Dan Billings, Gov. LePage’s legal counsel, had a more cogent objection to replacing matching funds, saying that the continued legality of “leadership PACs,” the political action committees used by virtually all ambitious legislators, simply absorbs special interest contributions that once went directly to candidates.
Billings is correct. If Democrats (and Republicans, not all of whom agree with the committee vote) are truly serious about restoring the law’s effectiveness, they will abolish leadership PACs and require candidates for House and Senate posts to persuade their colleagues with words, not dollars.
True, outside PACs can still spend money to influence races, as – most notoriously – a national Republican outfit did in 2010, dropping a $400,000 bomb on five Senate races – but, most of the time, it’s Mainers who donate to PACs.

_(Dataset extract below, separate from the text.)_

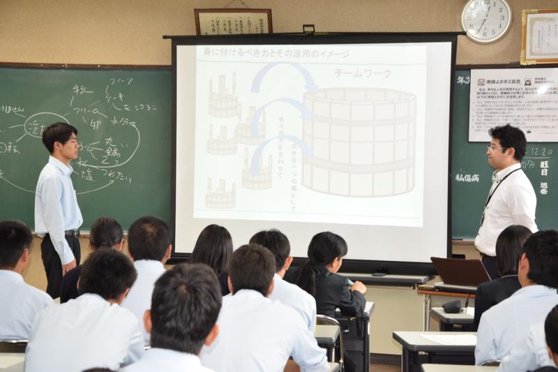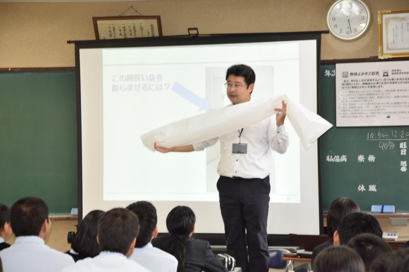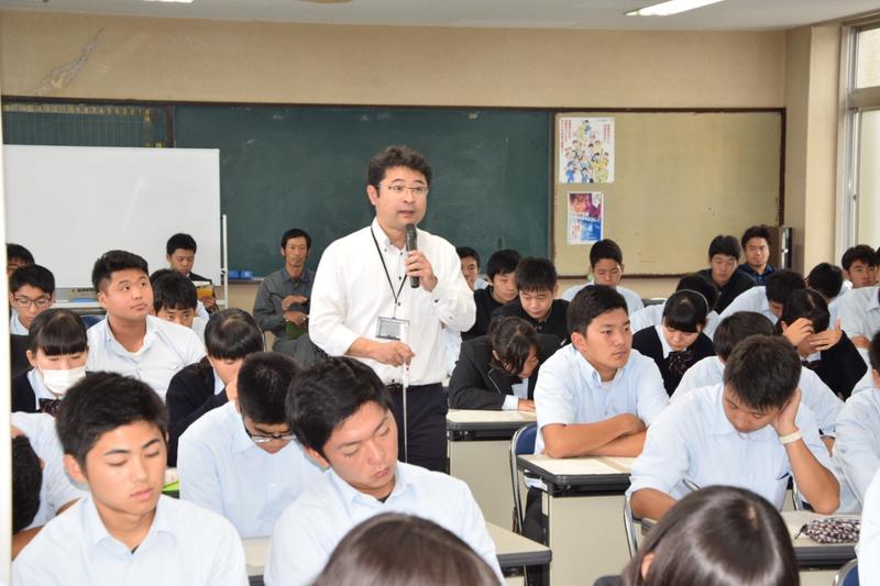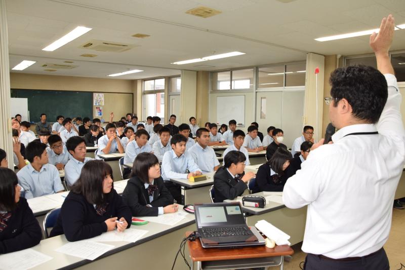 知的財産に関する学習 投稿日時 : 2019/10/21 学校サイト管理者 10月21日、山口大学研究推進機構知的財産センターから特命准教授の陣内先生をお招きし、知的財産教育について講義をしていただきました。 「知的財産」という言葉を初めて聞く生徒もいましたが、わかりやすい例や話を通じて理解を深めることができました。

The Legislature should also toughen disclosure and reporting requirements, and sharply increase fines for violators, who too often feel free to defy the law. It’s dismaying, for instance, that two years after the referendum that rejected Maine’s same-sex marriage law, we still don’t know who was financing that campaign.
Curbing the influence of leadership PACs on legislative decision-making would complete the promise to the voters that the Clean Election Act represents. And, by calling Billings’ bluff, it could again reaffirm the bipartisan consensus that, in the long run, is the best guarantee public campaign financing will survive in Maine, no matter what the U.S. Supreme Court opines.